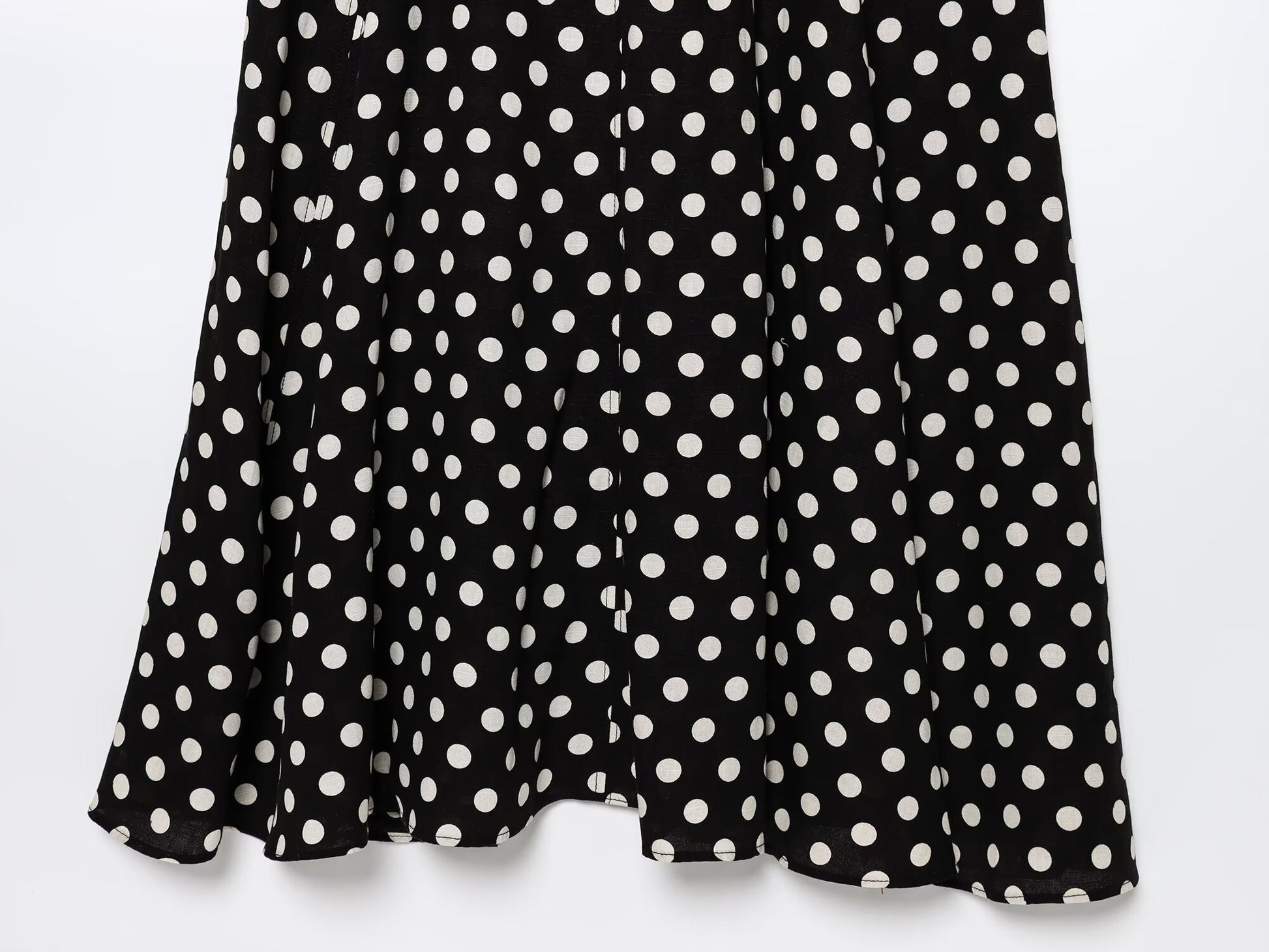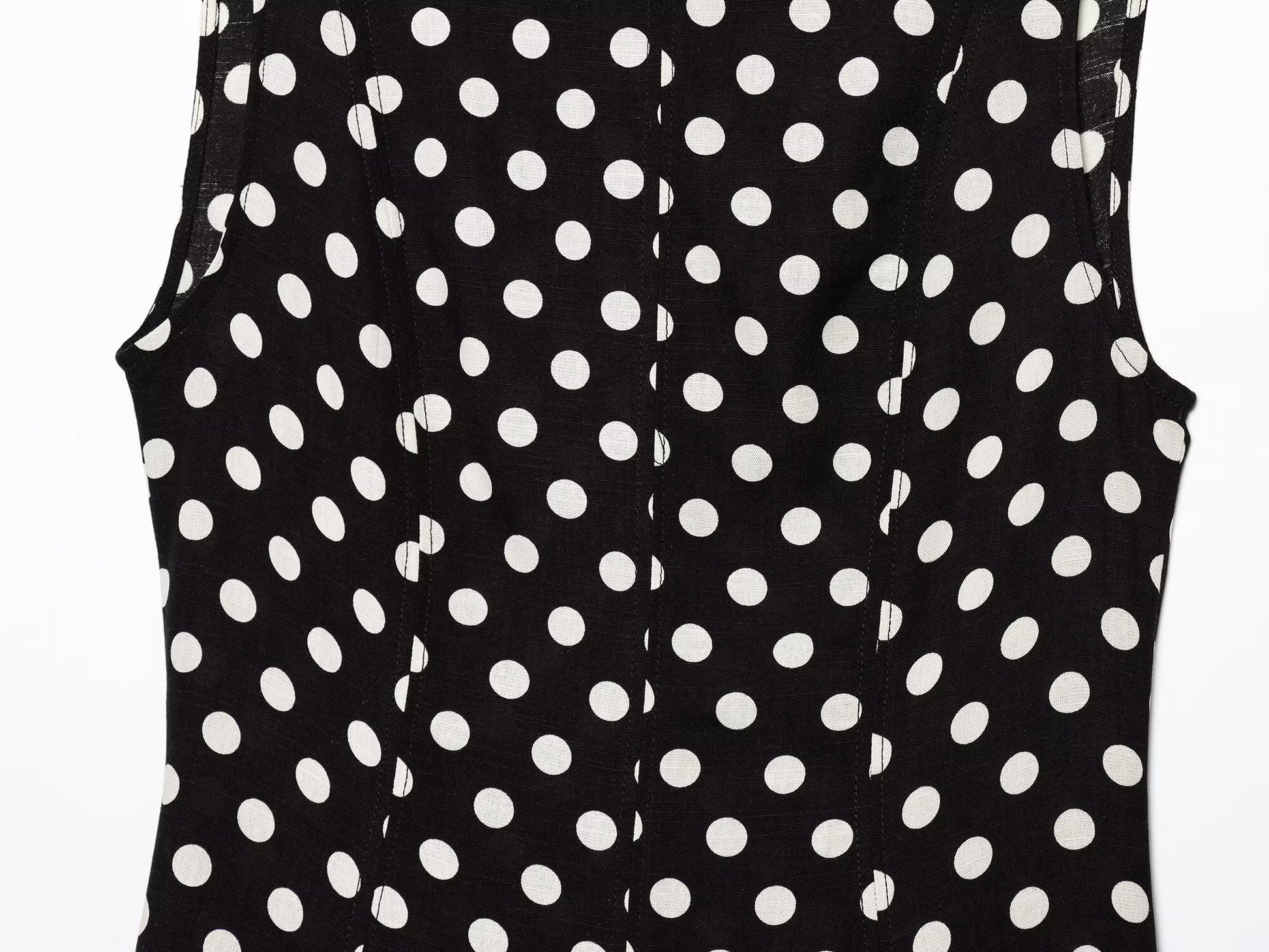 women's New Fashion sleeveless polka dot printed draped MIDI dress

==

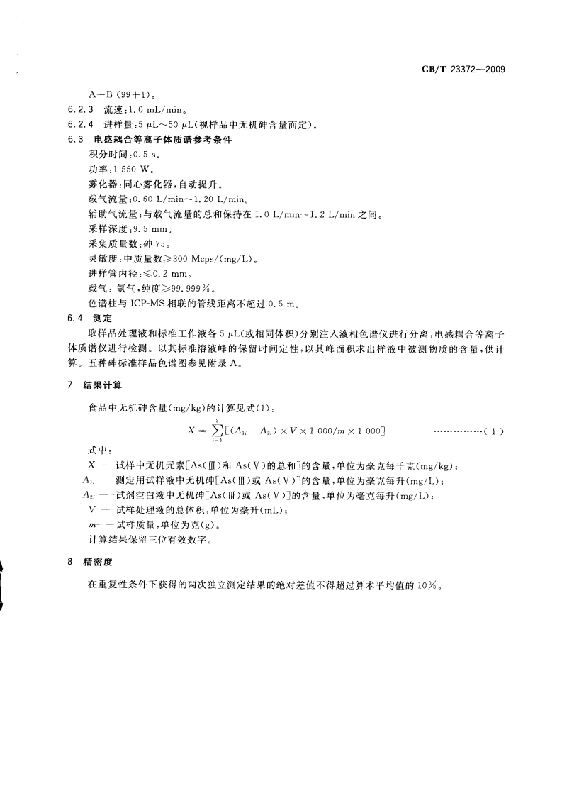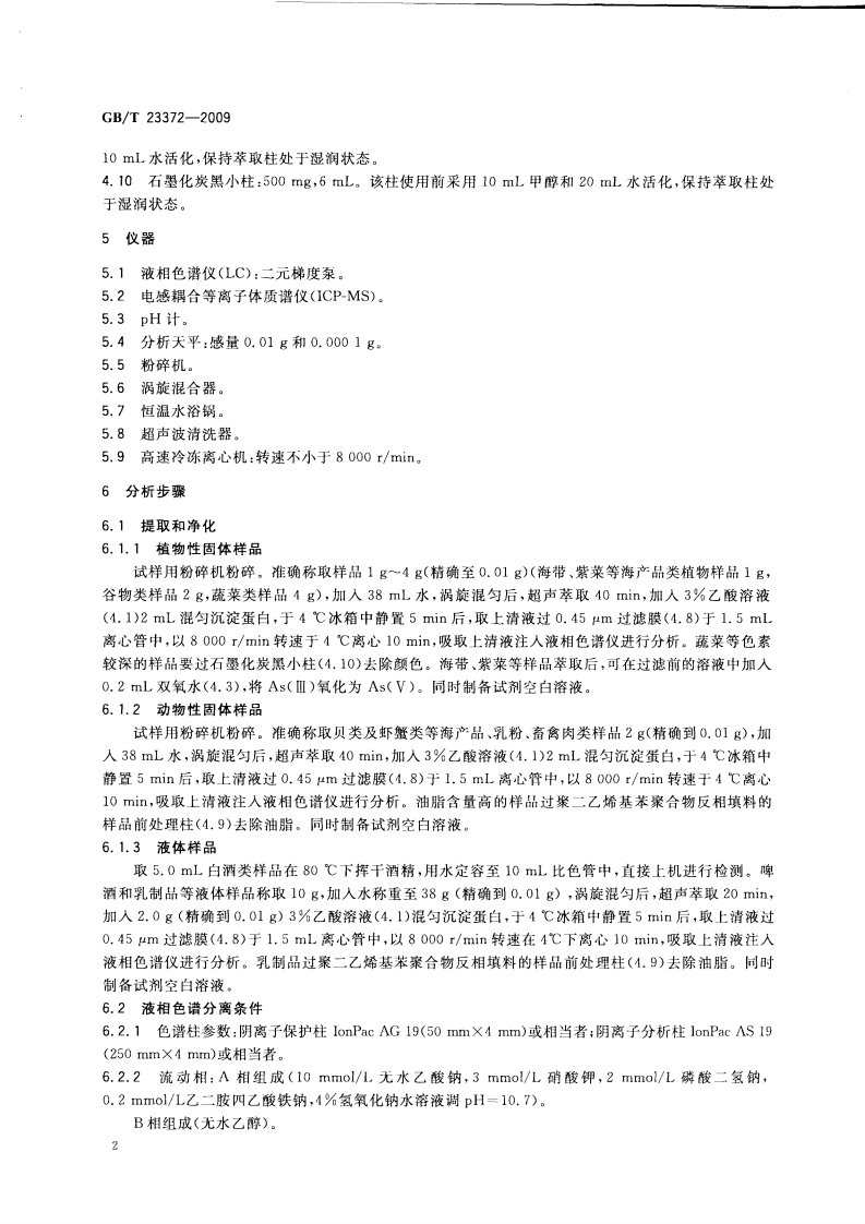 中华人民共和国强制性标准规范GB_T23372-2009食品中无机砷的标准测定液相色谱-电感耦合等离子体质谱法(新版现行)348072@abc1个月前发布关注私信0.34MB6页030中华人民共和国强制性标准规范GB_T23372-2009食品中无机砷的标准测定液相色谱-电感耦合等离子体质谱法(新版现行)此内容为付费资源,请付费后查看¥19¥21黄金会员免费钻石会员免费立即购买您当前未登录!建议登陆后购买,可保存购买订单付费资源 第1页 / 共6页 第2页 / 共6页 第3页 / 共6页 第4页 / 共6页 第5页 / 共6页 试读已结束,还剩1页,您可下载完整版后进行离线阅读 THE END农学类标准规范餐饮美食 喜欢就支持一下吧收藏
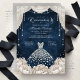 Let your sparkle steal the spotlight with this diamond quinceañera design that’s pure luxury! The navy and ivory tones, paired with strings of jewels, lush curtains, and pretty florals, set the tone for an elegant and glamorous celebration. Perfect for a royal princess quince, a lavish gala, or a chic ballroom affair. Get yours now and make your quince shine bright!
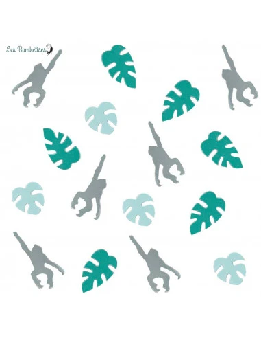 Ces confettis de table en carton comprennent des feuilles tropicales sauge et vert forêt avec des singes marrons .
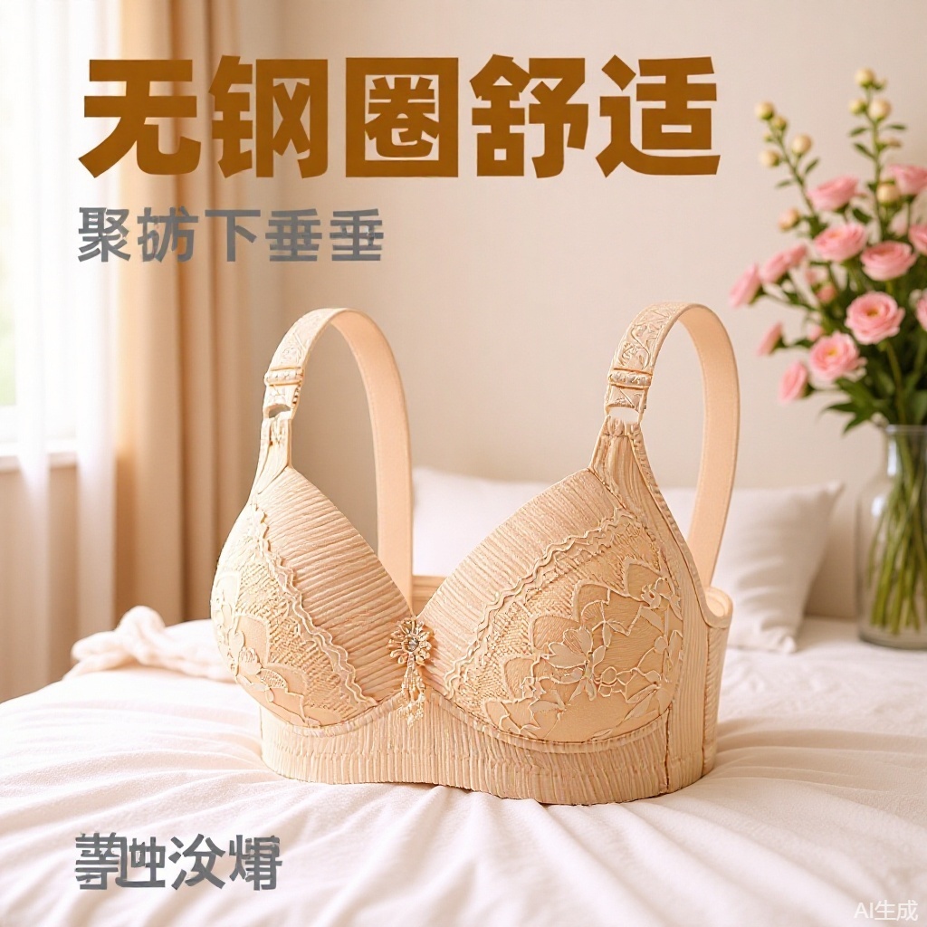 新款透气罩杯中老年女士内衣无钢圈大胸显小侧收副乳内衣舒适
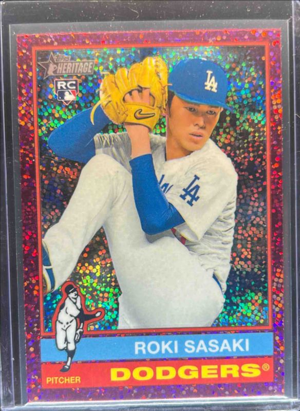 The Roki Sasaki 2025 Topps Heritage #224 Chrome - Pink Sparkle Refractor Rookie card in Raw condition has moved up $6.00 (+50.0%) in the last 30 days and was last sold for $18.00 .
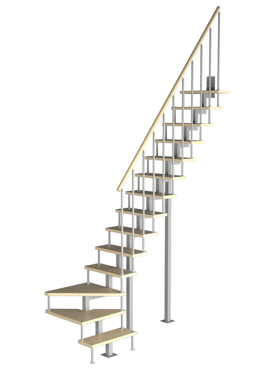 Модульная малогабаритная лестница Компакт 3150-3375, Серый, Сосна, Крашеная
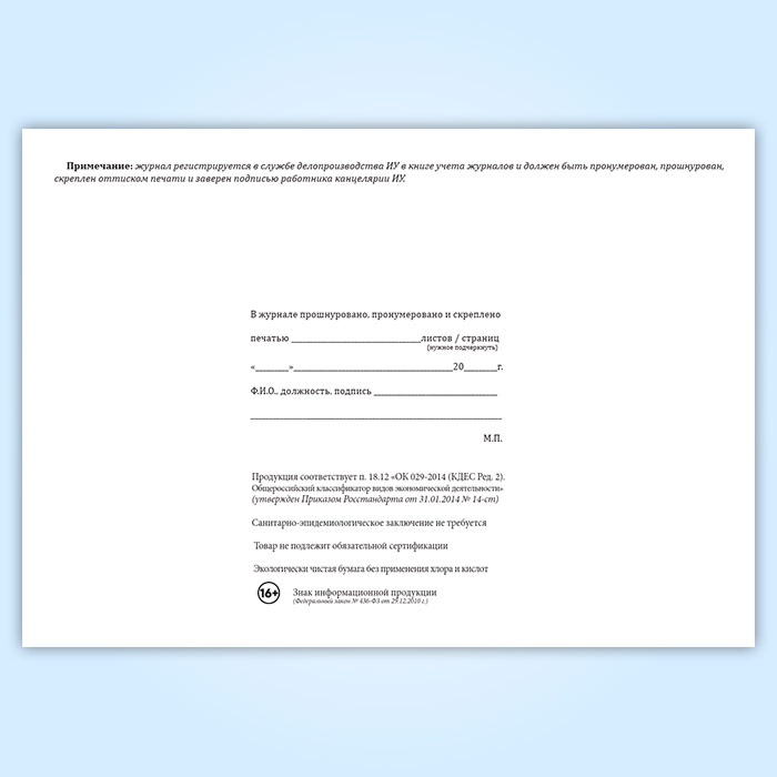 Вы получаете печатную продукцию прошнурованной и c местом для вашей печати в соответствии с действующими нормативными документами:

==

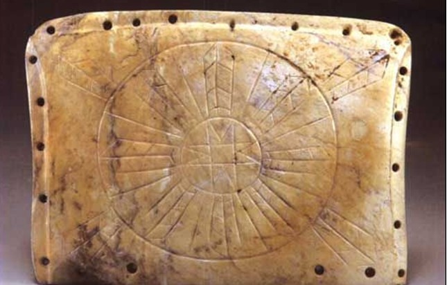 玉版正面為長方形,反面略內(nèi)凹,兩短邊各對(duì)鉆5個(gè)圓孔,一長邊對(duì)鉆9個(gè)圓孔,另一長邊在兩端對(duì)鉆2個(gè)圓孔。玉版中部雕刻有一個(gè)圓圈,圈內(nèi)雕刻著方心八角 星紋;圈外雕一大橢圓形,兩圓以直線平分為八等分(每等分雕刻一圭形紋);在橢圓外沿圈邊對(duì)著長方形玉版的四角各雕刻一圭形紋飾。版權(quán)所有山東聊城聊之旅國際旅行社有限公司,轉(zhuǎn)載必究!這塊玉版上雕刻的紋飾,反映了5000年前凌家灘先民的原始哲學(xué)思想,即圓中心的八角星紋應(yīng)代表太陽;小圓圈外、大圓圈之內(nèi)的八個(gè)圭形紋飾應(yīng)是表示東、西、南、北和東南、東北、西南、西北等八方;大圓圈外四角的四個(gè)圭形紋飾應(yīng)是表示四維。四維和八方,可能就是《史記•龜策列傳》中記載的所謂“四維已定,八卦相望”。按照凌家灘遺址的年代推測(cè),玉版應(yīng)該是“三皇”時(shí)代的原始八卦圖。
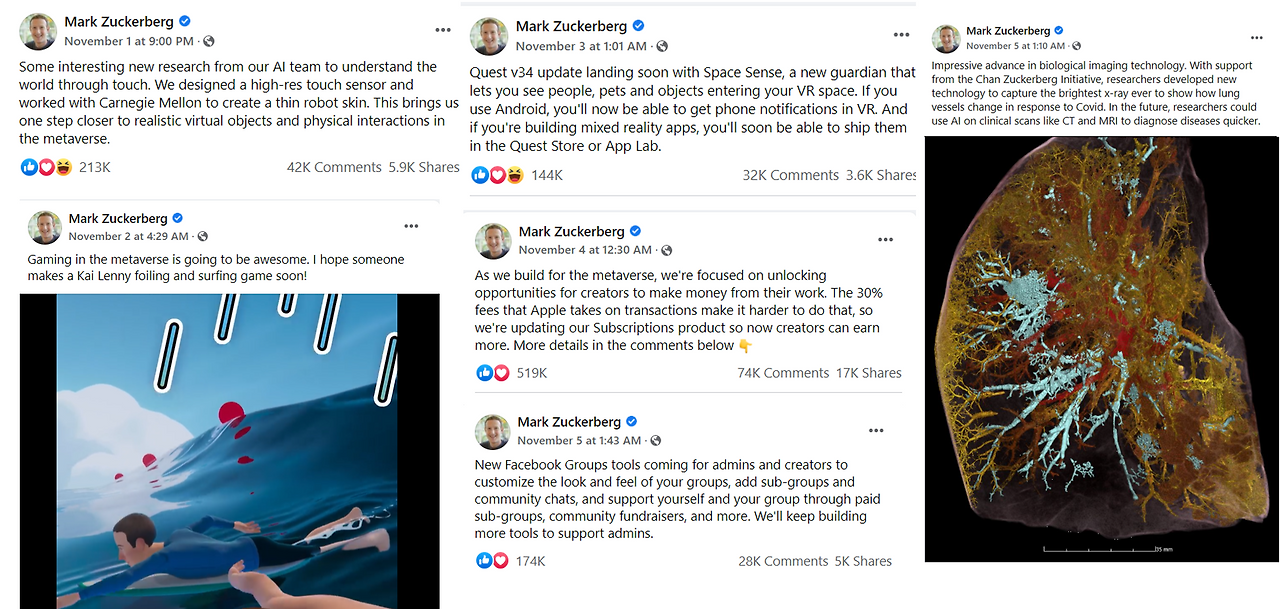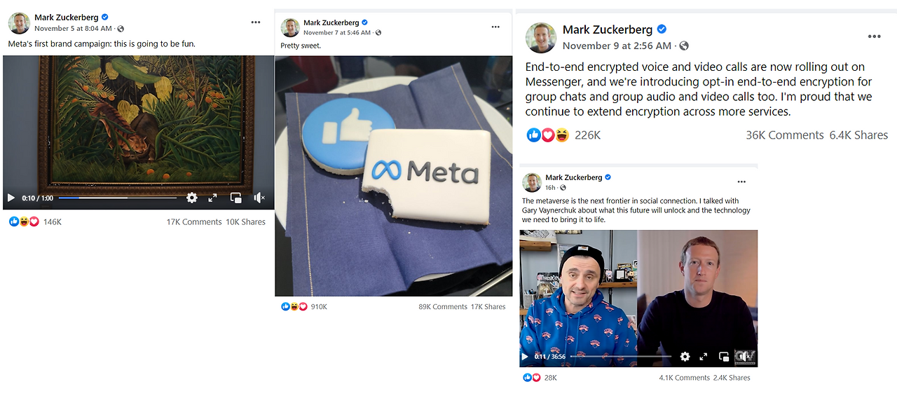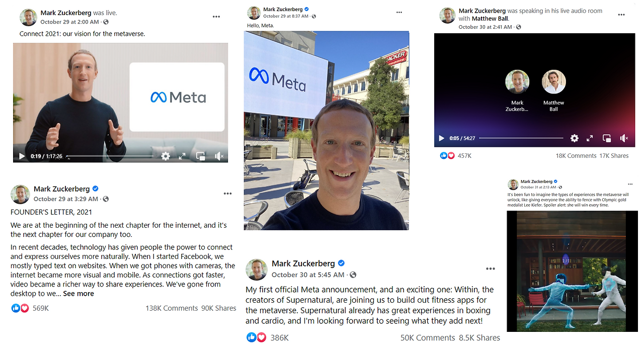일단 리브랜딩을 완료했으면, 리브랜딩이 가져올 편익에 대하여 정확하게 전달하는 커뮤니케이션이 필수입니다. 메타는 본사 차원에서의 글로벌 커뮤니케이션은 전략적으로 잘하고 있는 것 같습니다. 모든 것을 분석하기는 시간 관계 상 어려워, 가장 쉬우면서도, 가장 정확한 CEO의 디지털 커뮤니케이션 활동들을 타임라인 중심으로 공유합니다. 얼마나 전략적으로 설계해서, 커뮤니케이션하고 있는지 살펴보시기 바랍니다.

**What to work on**
Nothing outside the stretch above, from the line with "玉版正面為長方形,反面略內(nèi)凹,兩短邊各對(du" through the line with "일단 리브랜딩을 완료했으면, 리브랜딩이", is set down. Transcribe that stretch exactly, ends included, but not its pictures.

**Result for this task**
 玉版正面為長方形,反面略內(nèi)凹,兩短邊各對(duì)鉆5個(gè)圓孔,一長邊對(duì)鉆9個(gè)圓孔,另一長邊在兩端對(duì)鉆2個(gè)圓孔。玉版中部雕刻有一個(gè)圓圈,圈內(nèi)雕刻著方心八角 星紋;圈外雕一大橢圓形,兩圓以直線平分為八等分(每等分雕刻一圭形紋);在橢圓外沿圈邊對(duì)著長方形玉版的四角各雕刻一圭形紋飾。版權(quán)所有山東聊城聊之旅國際旅行社有限公司,轉(zhuǎn)載必究!這塊玉版上雕刻的紋飾,反映了5000年前凌家灘先民的原始哲學(xué)思想,即圓中心的八角星紋應(yīng)代表太陽;小圓圈外、大圓圈之內(nèi)的八個(gè)圭形紋飾應(yīng)是表示東、西、南、北和東南、東北、西南、西北等八方;大圓圈外四角的四個(gè)圭形紋飾應(yīng)是表示四維。四維和八方,可能就是《史記•龜策列傳》中記載的所謂“四維已定,八卦相望”。按照凌家灘遺址的年代推測(cè),玉版應(yīng)該是“三皇”時(shí)代的原始八卦圖。
일단 리브랜딩을 완료했으면, 리브랜딩이 가져올 편익에 대하여 정확하게 전달하는 커뮤니케이션이 필수입니다. 메타는 본사 차원에서의 글로벌 커뮤니케이션은 전략적으로 잘하고 있는 것 같습니다. 모든 것을 분석하기는 시간 관계 상 어려워, 가장 쉬우면서도, 가장 정확한 CEO의 디지털 커뮤니케이션 활동들을 타임라인 중심으로 공유합니다. 얼마나 전략적으로 설계해서, 커뮤니케이션하고 있는지 살펴보시기 바랍니다.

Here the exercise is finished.